AVAILABLE DATA:
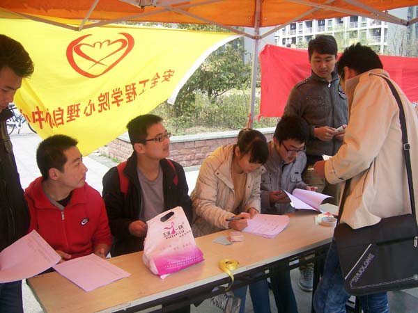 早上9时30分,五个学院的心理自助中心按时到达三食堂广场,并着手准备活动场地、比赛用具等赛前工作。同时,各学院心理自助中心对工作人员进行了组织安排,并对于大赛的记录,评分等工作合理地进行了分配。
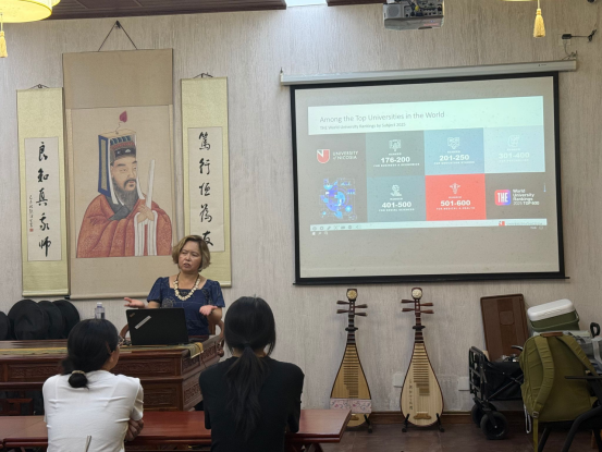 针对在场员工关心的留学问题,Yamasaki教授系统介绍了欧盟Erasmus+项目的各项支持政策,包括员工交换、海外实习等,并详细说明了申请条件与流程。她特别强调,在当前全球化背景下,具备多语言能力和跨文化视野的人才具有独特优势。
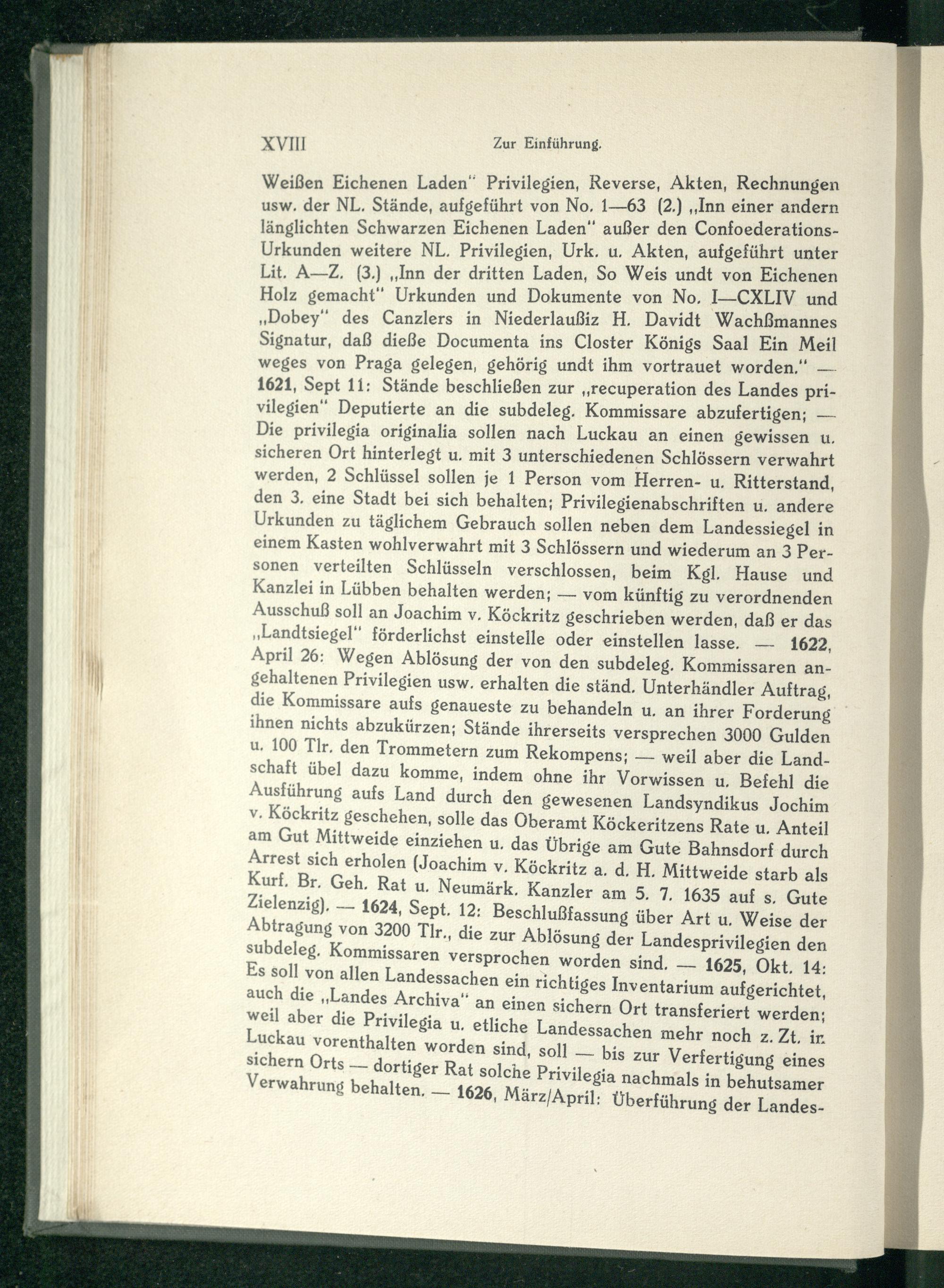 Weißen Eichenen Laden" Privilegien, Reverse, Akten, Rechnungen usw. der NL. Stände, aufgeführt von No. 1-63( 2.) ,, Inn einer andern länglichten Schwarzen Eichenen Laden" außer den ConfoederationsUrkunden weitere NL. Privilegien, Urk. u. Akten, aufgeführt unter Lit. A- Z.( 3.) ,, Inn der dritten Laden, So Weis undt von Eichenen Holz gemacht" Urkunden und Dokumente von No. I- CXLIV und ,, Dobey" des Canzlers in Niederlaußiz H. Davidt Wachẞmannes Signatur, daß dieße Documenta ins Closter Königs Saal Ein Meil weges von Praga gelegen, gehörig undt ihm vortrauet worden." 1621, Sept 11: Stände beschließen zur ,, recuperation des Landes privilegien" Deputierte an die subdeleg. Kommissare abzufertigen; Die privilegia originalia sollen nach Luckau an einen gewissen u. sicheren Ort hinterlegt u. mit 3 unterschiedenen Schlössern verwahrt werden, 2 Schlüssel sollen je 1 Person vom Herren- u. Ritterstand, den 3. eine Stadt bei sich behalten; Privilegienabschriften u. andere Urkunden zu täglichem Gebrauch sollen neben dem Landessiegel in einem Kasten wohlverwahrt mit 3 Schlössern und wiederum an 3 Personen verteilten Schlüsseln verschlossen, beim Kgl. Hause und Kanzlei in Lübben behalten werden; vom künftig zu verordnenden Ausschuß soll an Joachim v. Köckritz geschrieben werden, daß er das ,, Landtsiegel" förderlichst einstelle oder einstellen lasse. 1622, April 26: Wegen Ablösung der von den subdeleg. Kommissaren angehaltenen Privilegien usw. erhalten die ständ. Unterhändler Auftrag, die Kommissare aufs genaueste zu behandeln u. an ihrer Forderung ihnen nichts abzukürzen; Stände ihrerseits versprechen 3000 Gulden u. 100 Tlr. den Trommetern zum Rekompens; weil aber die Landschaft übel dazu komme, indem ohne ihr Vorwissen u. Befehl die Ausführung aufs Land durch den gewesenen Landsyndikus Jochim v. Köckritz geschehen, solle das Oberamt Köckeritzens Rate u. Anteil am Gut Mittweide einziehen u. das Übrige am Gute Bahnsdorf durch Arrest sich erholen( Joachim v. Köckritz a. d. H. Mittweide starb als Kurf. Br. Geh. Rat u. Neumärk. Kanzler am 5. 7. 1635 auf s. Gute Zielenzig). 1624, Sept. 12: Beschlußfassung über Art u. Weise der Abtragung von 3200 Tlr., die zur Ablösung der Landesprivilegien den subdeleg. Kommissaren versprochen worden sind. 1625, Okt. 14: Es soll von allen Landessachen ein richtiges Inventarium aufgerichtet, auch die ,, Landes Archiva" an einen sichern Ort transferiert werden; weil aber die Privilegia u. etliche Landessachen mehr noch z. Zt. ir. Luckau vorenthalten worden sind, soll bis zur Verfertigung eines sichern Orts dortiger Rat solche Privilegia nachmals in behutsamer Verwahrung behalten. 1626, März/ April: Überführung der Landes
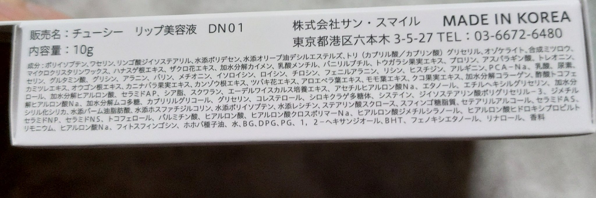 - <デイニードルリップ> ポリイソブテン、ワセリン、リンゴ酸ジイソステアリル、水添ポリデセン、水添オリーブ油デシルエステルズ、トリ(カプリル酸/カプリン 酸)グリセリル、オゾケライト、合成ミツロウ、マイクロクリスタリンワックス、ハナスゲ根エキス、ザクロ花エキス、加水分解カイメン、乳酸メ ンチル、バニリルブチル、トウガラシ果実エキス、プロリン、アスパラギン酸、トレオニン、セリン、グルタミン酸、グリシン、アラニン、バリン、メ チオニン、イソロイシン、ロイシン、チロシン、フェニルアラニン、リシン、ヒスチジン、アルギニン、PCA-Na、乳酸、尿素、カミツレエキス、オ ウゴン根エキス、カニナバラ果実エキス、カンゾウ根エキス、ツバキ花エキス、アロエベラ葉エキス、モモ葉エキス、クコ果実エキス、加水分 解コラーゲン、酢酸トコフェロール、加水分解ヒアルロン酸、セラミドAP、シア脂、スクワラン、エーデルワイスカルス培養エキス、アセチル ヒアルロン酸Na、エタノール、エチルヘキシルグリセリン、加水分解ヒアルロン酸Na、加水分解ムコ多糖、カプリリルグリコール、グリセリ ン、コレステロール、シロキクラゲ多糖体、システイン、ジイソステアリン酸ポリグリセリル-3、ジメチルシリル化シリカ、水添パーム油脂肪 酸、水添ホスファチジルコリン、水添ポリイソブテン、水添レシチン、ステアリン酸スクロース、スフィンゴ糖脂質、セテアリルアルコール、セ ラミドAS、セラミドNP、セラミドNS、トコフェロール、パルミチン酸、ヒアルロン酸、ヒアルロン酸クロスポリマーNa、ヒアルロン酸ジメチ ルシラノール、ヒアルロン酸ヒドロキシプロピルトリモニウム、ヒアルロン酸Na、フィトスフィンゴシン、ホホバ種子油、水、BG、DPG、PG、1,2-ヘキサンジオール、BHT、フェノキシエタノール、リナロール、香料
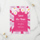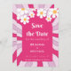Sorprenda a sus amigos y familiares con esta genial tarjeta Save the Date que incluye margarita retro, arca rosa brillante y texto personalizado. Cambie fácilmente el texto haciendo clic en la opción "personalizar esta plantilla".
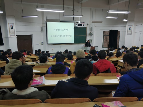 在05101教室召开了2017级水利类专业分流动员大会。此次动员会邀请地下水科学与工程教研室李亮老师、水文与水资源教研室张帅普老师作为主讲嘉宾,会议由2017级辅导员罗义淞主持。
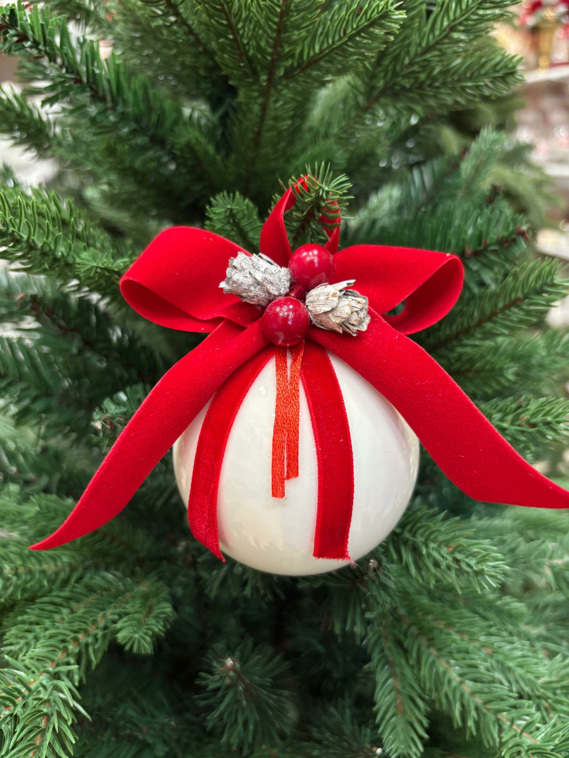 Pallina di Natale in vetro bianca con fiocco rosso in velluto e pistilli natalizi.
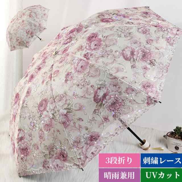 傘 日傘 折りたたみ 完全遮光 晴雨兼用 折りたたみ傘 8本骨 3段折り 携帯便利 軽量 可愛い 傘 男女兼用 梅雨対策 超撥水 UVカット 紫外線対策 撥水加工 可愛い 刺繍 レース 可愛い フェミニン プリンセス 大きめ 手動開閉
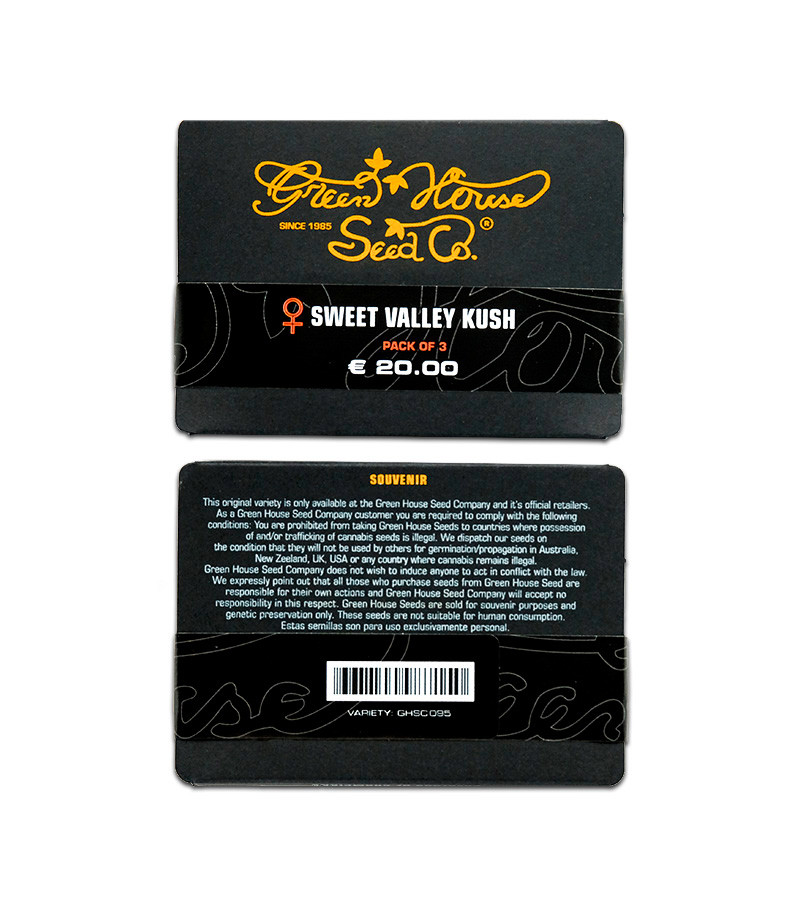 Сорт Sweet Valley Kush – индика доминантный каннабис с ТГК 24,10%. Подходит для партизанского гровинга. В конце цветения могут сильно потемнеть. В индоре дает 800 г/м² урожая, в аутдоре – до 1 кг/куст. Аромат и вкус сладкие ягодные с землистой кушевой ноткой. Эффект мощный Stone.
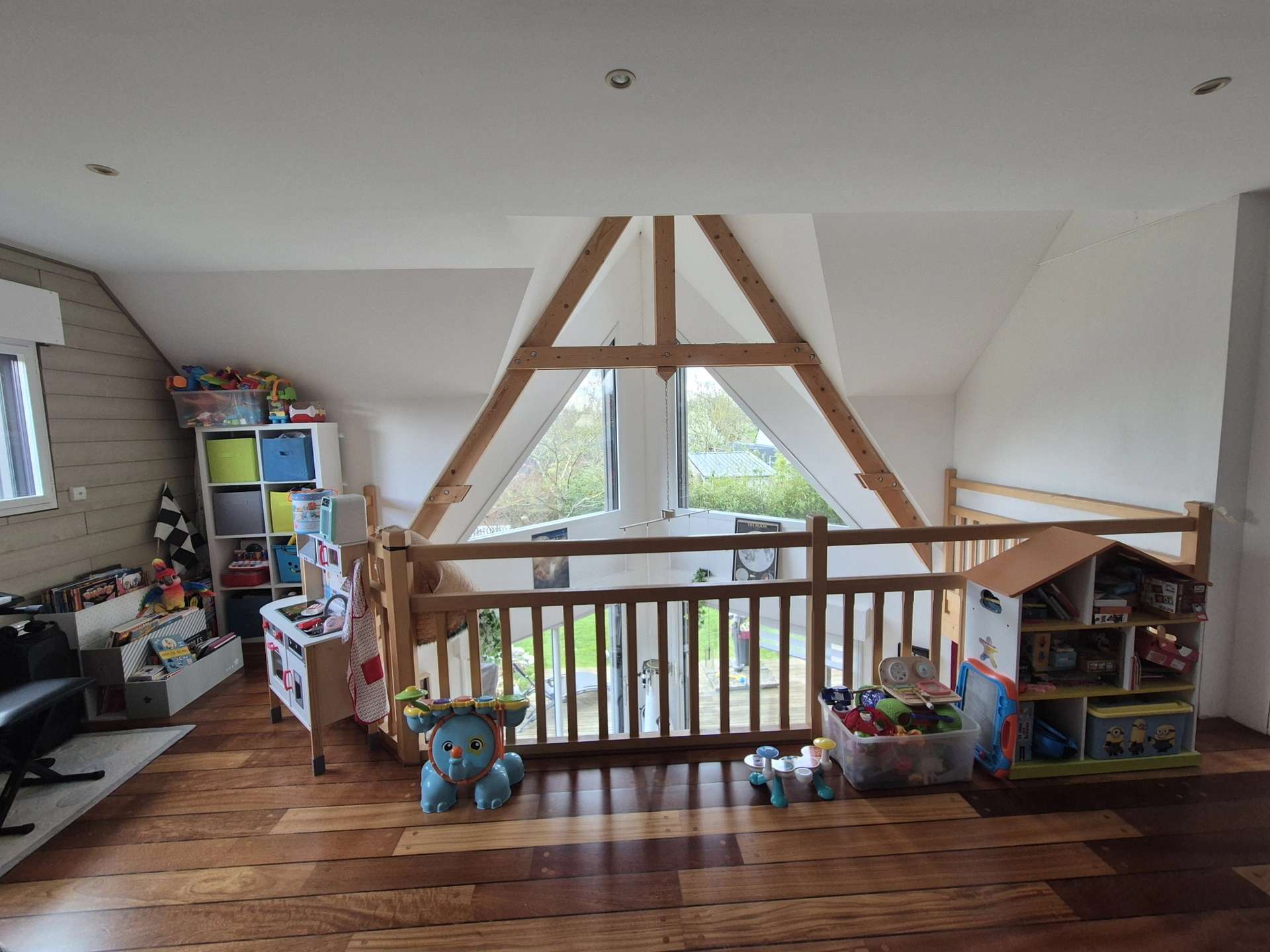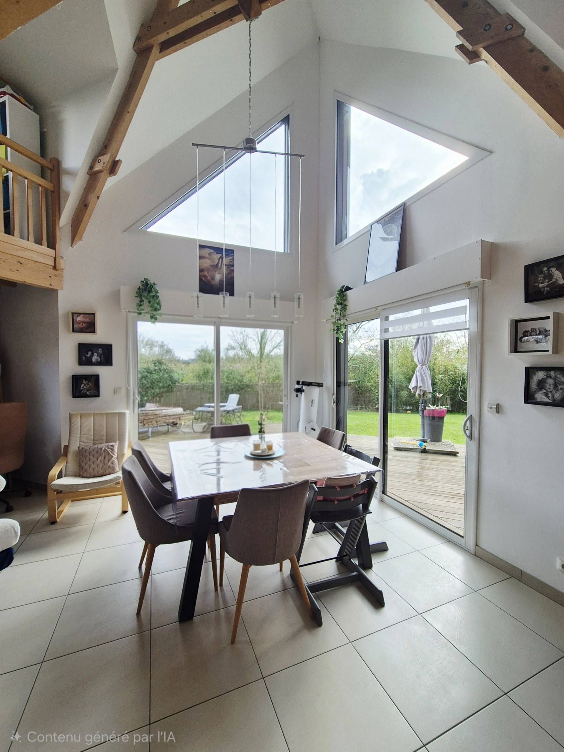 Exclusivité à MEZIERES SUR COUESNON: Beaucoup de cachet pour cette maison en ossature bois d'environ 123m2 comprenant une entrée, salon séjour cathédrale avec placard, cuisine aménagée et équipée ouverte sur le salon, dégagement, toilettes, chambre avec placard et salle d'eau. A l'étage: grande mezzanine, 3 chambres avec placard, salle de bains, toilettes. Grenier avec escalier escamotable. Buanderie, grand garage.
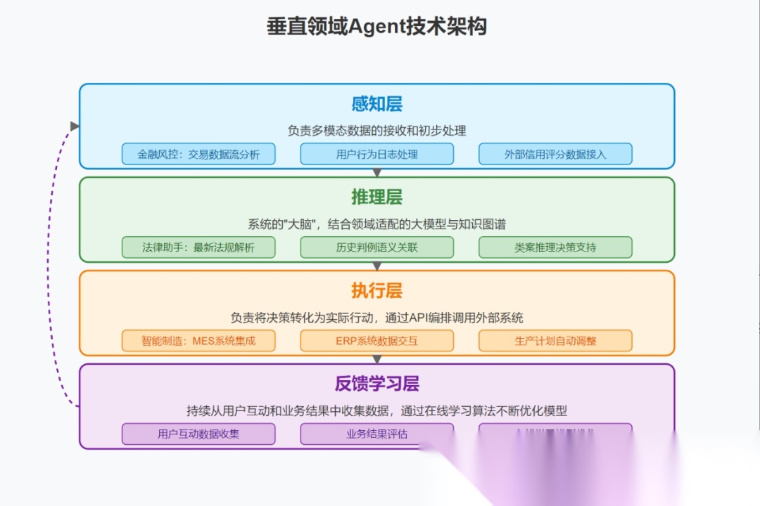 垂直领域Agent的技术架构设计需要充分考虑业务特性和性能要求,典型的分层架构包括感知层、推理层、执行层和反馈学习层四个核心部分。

PROMPT:
Copy out exactly the lines between the line that contains "Exclusivité à MEZIERES" and the last line of the records, both ends included; leave out every picture.

TASK SOLUTION:
 Exclusivité à MEZIERES SUR COUESNON: Beaucoup de cachet pour cette maison en ossature bois d'environ 123m2 comprenant une entrée, salon séjour cathédrale avec placard, cuisine aménagée et équipée ouverte sur le salon, dégagement, toilettes, chambre avec placard et salle d'eau. A l'étage: grande mezzanine, 3 chambres avec placard, salle de bains, toilettes. Grenier avec escalier escamotable. Buanderie, grand garage.
 垂直领域Agent的技术架构设计需要充分考虑业务特性和性能要求,典型的分层架构包括感知层、推理层、执行层和反馈学习层四个核心部分。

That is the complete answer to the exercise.